With all these tracing projects, I thought i might be good to show the free/open-source ways one can use to measure application performance. We will look at Zipkin, Grafana and Prometheus. We will also take a look at Kiali which we last examined in a post back in July.

While Zipkin and Kiali are different; the former a distributed trace monitoring tool and the later related to service mesh observability. Fundamentally, they are trying to solve very similar issues; the performance of service to service calls. Technically traces can be instrumented in the code whearas service mesh performance neccessarily can only see container to container calls. However, our examination as instrumented is looking at container to container transactions so these tools cover very similar ground: how micro-service to micro-service calls are performing.

Setup

This builds from the last article on Lightstep where we spun up an AKS and installed Dapr along with the Caculator quickstart app.

You’ll want to have ready:

A k8s cluster
Dapr.io installed
The calculator app from Dapr quickstarts

Zipkin

We know of zipkin as a format, but Zipkin is also a perfectly fine no-frills app for examining the data.

We’ve used OpenTelemetry to send data out to Datadog and others.
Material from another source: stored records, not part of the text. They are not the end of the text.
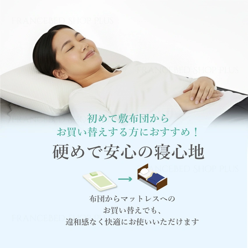 敷ふとんの硬さに慣れている方でも違和感なくお使いいただける寝心地で、特に初めてマットレスをご使用になる方や、しっかりとした硬さをお求めの方にご好評いただいています。 フランスベッドの中でも特に硬めの仕様で、快適な睡眠をしっかりとサポートします。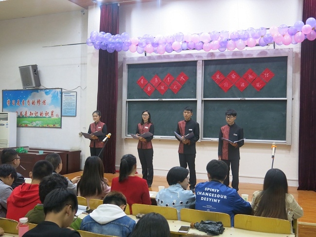 在党的十九大顺利召开之后,为歌颂党的伟大成就,增强同学们爱党爱国之情,2017年11月9日晚7:30,生态系团总支于我院西阶梯教室成功举办了“青春喜迎十九大,爱国奋进我先行”的诗歌朗诵比赛初赛。生态系若干老师出席本次活动。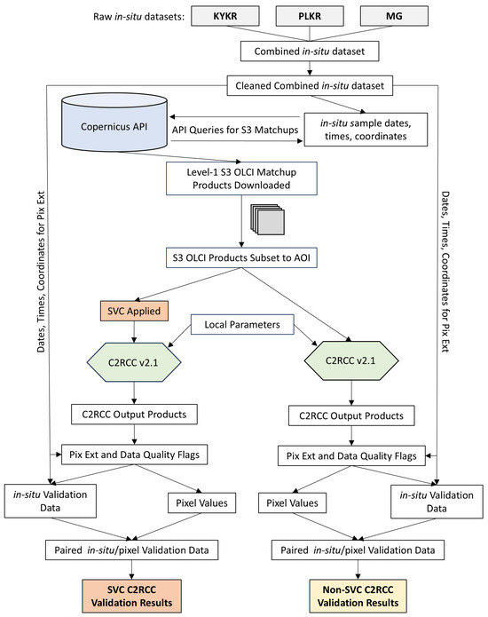 C2RCC v2.1 validation workflow diagram for both the SVC and non-SVC regionally adapted C2RCC processing chains. The C2RCC v1.0 processing workflow was identical, apart from the processor version. The default, non-regionally adapted, C2RCC parameters were also validated. “KYKR” refers to the in situ dataset from Kyryliuk and Kratzer [15], “PLKR” refers to the Kratzer and Plowey [16] dataset, and “MG” is the Swedish National Marine Monitoring Program (SwAM) dataset. “Pix Ext” refers to “Pixel Extraction”.
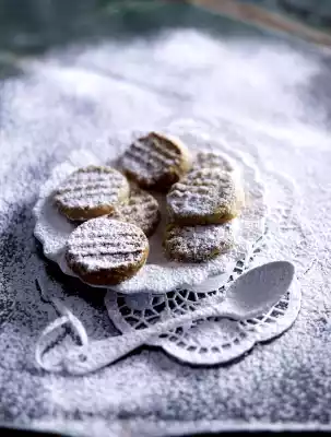 Carefully form the dough into 3 equal-sized rolls (approx. 3 cm Ø) and chill for approx. 2 hours. Cut into approx. 1 cm thick slices. Place on 2 baking trays lined with baking paper and press in lightly with the help of a fork crosswise. Bake in the preheated oven (electric cooker: 175 °C/ convection oven: 150 °C/ gas: see manufacturer) one after the other for 10-13 minutes. Remove and let cool off. Dust with icing sugar

In this case, we want to direct the zipkin data Dapr collects to the Zipkin service.

Our first step is to switch from the OpenTelemetry endpoint to the Zipkin instance endpoint we spun up with the calculator app in the app configuration:

$ kubectl get configuration appconfig -o yaml | tail -n3
    samplingRate: "1"
    zipkin:
      endpointAddress: http://otel-collector.default.svc.cluster.local:9411/api/v2/spans
$ kubectl get configuration appconfig -o yaml > appconfig.yaml
$ kubectl get configuration appconfig -o yaml > appconfig.yaml.bak
$ vi appconfig.yaml
$ diff appconfig.yaml appconfig.yaml.bak
41c41
<       endpointAddress: http://zipkin.default.svc.cluster.local:9411/api/v2/spans
---
>       endpointAddress: http://otel-collector.default.svc.cluster.local:9411/api/v2/spans
$ kubectl apply -f appconfig.yaml
configuration.dapr.io/appconfig configured

We need to bounce the pod to get the side car to pull in the new configuration and send telemetry data to the zipkin service:

$ kubectl get pods | grep calculator
calculator-front-end-5bb947dfcf-vv75c   2/2     Running   0          47h
$ kubectl delete pod calculator-front-end-5bb947dfcf-vv75c
pod "calculator-front-end-5bb947dfcf-vv75c" deleted

To verify trace data is now being received, We’ll want to port-forward to the zipkin pod as we do not (yet) have it exposed via an ingress:

$ kubectl port-forward `kubectl get pods -l app=zipkin --output=jsonpath={.items..metadata.name}` 9411 &
[1] 26342
$ Forwarding from 127.0.0.1:9411 -> 9411
Forwarding from [::1]:9411 -> 9411

We can now look up our front end URL of the deployed calculator app:

$ kubectl get svc | grep calculator
calculator-front-end          LoadBalancer   10.0.200.190   20.84.218.63   80:31131/TCP                          2d1h
calculator-front-end-dapr     ClusterIP      None           <none>         80/TCP,50001/TCP,50002/TCP,9090/TCP   2d1h

and test out the calculator a few times to get some traces

We can now go the zipkin app and see traces and dependencies.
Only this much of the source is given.